»»

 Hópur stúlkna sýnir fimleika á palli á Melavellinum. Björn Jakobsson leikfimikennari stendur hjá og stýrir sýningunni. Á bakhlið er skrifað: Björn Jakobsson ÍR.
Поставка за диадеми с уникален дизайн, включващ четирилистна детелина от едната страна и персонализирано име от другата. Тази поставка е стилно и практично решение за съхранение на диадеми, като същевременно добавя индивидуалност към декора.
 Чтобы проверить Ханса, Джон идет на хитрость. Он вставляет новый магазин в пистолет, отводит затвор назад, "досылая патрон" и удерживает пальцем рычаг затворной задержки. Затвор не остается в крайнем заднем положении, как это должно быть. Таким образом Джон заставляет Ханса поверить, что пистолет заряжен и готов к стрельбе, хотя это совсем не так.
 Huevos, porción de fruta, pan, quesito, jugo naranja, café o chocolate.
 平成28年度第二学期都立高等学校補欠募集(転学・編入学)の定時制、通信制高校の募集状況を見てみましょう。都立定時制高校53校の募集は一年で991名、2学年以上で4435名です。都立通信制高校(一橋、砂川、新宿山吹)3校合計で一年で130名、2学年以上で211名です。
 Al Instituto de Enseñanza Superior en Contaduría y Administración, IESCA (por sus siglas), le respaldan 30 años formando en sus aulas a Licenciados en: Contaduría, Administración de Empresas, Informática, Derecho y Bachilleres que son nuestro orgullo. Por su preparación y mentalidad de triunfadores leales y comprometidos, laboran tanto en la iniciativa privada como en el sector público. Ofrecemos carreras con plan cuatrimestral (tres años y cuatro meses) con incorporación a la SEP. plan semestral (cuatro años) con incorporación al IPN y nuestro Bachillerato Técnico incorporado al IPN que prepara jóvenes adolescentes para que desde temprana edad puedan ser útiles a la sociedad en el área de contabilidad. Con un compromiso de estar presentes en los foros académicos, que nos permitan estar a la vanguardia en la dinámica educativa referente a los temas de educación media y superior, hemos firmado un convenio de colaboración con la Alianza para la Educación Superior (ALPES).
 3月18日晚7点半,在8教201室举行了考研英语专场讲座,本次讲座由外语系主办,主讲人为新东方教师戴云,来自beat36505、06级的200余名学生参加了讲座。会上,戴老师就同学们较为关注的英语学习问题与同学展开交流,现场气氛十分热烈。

««

**PROBLEM TO SOLVE**
Please copy, exactly and with nothing else, the lines above beginning at the line that has "Чтобы проверить Ханса, Джон" and ending with the line that has "平成28年度第二学期都立高等".

**EXERCISE SOLUTION**
 Чтобы проверить Ханса, Джон идет на хитрость. Он вставляет новый магазин в пистолет, отводит затвор назад, "досылая патрон" и удерживает пальцем рычаг затворной задержки. Затвор не остается в крайнем заднем положении, как это должно быть. Таким образом Джон заставляет Ханса поверить, что пистолет заряжен и готов к стрельбе, хотя это совсем не так.
 Huevos, porción de fruta, pan, quesito, jugo naranja, café o chocolate.
 平成28年度第二学期都立高等学校補欠募集(転学・編入学)の定時制、通信制高校の募集状況を見てみましょう。都立定時制高校53校の募集は一年で991名、2学年以上で4435名です。都立通信制高校(一橋、砂川、新宿山吹)3校合計で一年で130名、2学年以上で211名です。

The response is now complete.